I would agree with what has been said. It is place where godliness is exemplified, and therefore 'caught' as well. It was a great place to study and I would go again in one minute! 

Every lecture makes you love Jesus Christ more and more.


----------



## ClayPot (May 8, 2009)

yeutter said:


> Puritan Reformed has a more pietist orientation then most of the other Reformed Seminaries.



What does it mean for PRTS to be pietist? I did some searches but didn't come up with anything definitive.


----------



## yeutter (May 9, 2009)

jpfrench81 said:


> yeutter said:
> 
> 
> > Puritan Reformed has a more pietist orientation then most of the other Reformed Seminaries.
> ...


Pastor Lewis has clarified it from their understanding as an emphasis on experiential Calvinism.
The Grand Rapids area has two very fine conservative reformed seminaries; Puritan Reformed and Protestant Reformed. It is this emphasis that distinguishes Puritan Reformed.

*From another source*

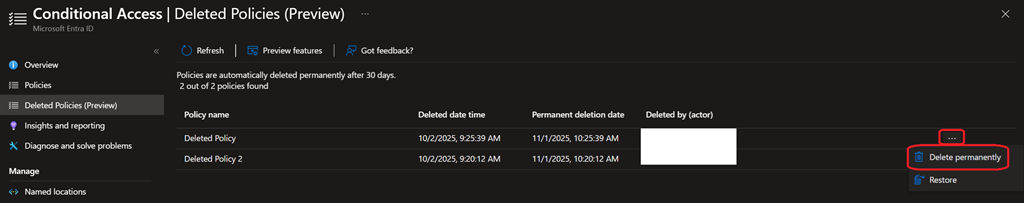 - From the Conditional Access\Deleted policies blade, open the contextual menu and select Delete permanently

-----Added 5/9/2009 at 06:16:52 EST-----



JOwen said:


> Some have labeled us "neo-puritans", and if this is taken in the strictest sense of the phrase (heirs of the Puritans, rather than pietists), then that could very well describe our school.
> 
> From the academic catalogue:
> 
> ...


This emphasis is also clear in the kind of books their publishing arm reprints.


----------



## jawyman (May 9, 2009)

Guido's Brother said:


> I'm at the airport right now waiting to catch a flight to Grand Rapids. I'm taking a course next week at PRTS. I'll let you know how it went...



I look forward to meeting you next week, Wes.


----------



## kvanlaan (May 9, 2009)

Is Jerry Bilkes the father of Rev. Lawrence Bilkes? Surely they're related. Lawrence Bilkes is a fine pastor in Dundas, Ontario, about five minutes from where I work.


----------



## jawyman (May 9, 2009)

kvanlaan said:


> Is Jerry Bilkes the father of Rev. Lawrence Bilkes? Surely they're related. Lawrence Bilkes is a fine pastor in Dundas, Ontario, about five minutes from where I work.



Jerry is Lawrence's son.


----------



## kvanlaan (May 9, 2009)

What!? The Lawrence I know is a young-ish man (maybe 35 or so). Please tell me there's not a 15-yr-old Bilkes teaching at the seminary; that would be too wierd.


----------



## N. Eshelman (May 9, 2009)

kvanlaan said:


> What!? The Lawrence I know is a young-ish man (maybe 35 or so). Please tell me there's not a 15-yr-old Bilkes teaching at the seminary; that would be too wierd.



No. Jerry is Lawrence's brother. The father, (also Dr. Bilkes) is the father. His name is Laurens.


----------



## JOwen (May 10, 2009)

L.W Bilkes is Sr. L.J Bilkes is Jr.

Reactions: Like 1


----------